YAML Metadata Warning:empty or missing yaml metadata in repo card

Check out the documentation for more information.

Tiny-GPT: 0.5B MoE Language Model

A clean, efficient implementation of a Mixture-of-Experts GPT that fits on modest GPUs (4GB VRAM) while training on large datasets.

🎯 Main Goal

Generate proper English text - not gibberish!

📊 Quick Stats

Metric	Value
Model Size	0.5B parameters (520M)
Active per Token	180M parameters (via MoE routing)
Architecture	12 Transformer layers, 8 experts/layer, top-2 routing
Training Data	WikiText-103 (103M tokens, ~500MB)
GPU Memory	0.97 GiB (model weights only)
Training Time	~10-20 hours on RTX 2050 (10k steps)
Tokenizer	GPT-2 BPE (50,257 vocab via tiktoken)

🚀 Quick Start

1. Prepare Dataset

python prepare_data.py

Downloads WikiText-103 and tokenizes to memory-mapped binary files (~500MB). This is a one-time operation that takes 10-30 minutes.

2. Train

python main.py

Starts training from scratch with:

Learning rate: 1.5e-4 (lowered for stability)
Warmup: 500 steps (better convergence)
Total steps: 10,000 (more thorough training)
Batch size: 16 (gradient accumulation of 2x8)

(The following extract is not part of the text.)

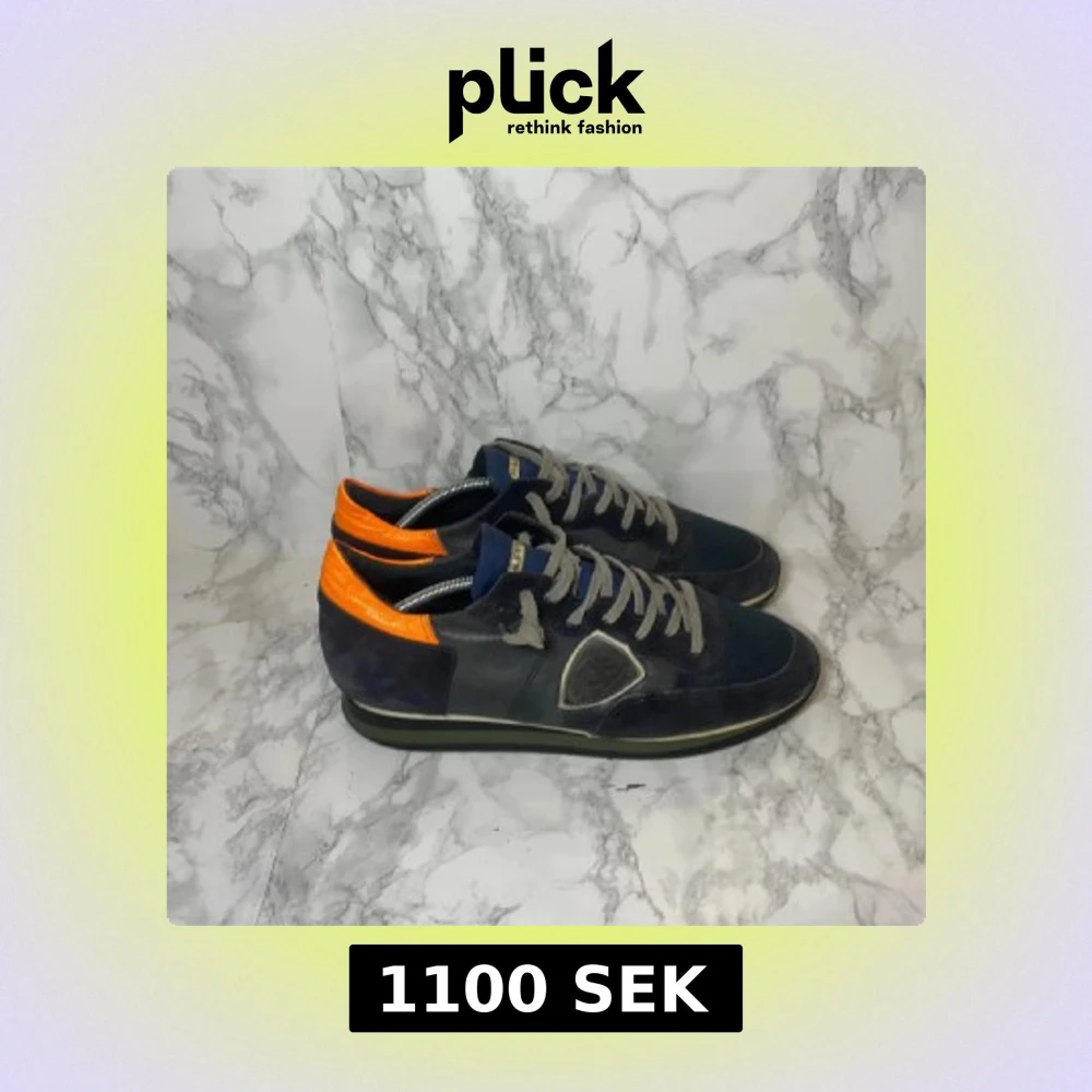Snygga sneakers i blå mocka med detaljer i orange och grått. Skorna har en klassisk snörning och en bekväm sula. Perfekta för en stilren look med en färgglad twist. Storlek 41-42

Training progress shows in real-time via rich progress bar.

3. Generate Text

python run.py

🤗 Use Hugging Face Hub (instead of local/GitHub checkpoints)

1. Upload checkpoints to HF Hub

pip install huggingface_hub
export HF_TOKEN=your_hf_token
python push_to_hf.py --repo-id yourname/Tiny-GPT

This uploads:

checkpoints/best.pt → best.pt
checkpoints/latest.pt → latest.pt (if present)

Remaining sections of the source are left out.